Un bambolotto fatto a pezzi che ricorda in tutto e per tutto un bimbo in carne ed ossa, è rinchiuso dentro una scatola trasparente, pronto per essere mangiato. Questo è il messaggio shock che si vede nel manifesto di una campagna vegana che in molti hanno già visto per le strade di Grosseto, Torino e Pordenone.
Nel manifesto si legge una scritta grande “Chi mangi oggi?” e poi sotto:
Gli animali non sono cose. Quando li mangi o li sfrutti, mangi qualcuno. Non qualcosa. Diventa vegan.
Non c’è alcun dubbio sul fatto che l’associazione per il veganesimo sia riuscita nell’intento, perché il manifesto ha già suscitato molte polemiche, tra cui quelle della Confederazione Italiana Agricoltori di Cuneo:
A giudicare da certe campagne pubblicitarie, la dieta vegana fa male anche al cervello.
Il messaggio è forte, perché il bambolotto ha le fattezze di un bebè talmente verosimili da essere inquietante, ma dall’associazione dichiarano:
Il nostro intento come ideatori della pubblicità “Chi mangi oggi?” era esattamente questo.

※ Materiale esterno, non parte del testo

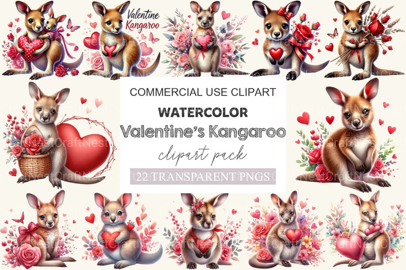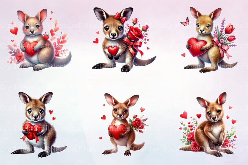 Hop with this Valentine Kangaroo Clipart Bundle, featuring bouncing love designs, ideal for Australian Valentine's crafts.

Riteniamo interessante dal punto di vista antropologico evidenziare che la fotografia di un bambolotto rappresentante le fattezze di un bambino umano smembrato e impacchettato, suscita generalmente indignazione e disgusto, mentre le continue e quotidiane pubblicità raffiguranti i corpi degli animali non umani smembrati e impacchettati in varie modalità non provocano lo stesso disgusto, anzi al contrario paiono universalmente accettate.
Ma intanto a Grossetto la polemica è andata ben oltre, con l’intervento del Garante dei Minori. Il garante della Toscana Grazia Sestini ha dichiarato in una nota:
Al di là dello sconcerto che l’immagine di un bambino-bambolotto confezionato come prodotto alimentare possa provocare nella sensibilità delle persone, qui siamo in presenza di una palese violazione di principi fondamentali e pur in assenza di una legge che limiti e punisca campagne di questo tipo, non possiamo accettare che atti così gravi rimangano totalmente impuniti. In assenza di una legge in materia siamo costretti a ricorrere ai codici di autodisciplina. Documenti la cui sottoscrizione è volontaria ma che dovrebbero diventare vincolanti. Il manifesto non è solo una offesa al comune senso del pudore ma viola palesemente i diritti umani, perché pur rappresentando una bambola, e quindi una cosa fittizia, l’immagine è talmente somigliante al reale che può indurre confusione.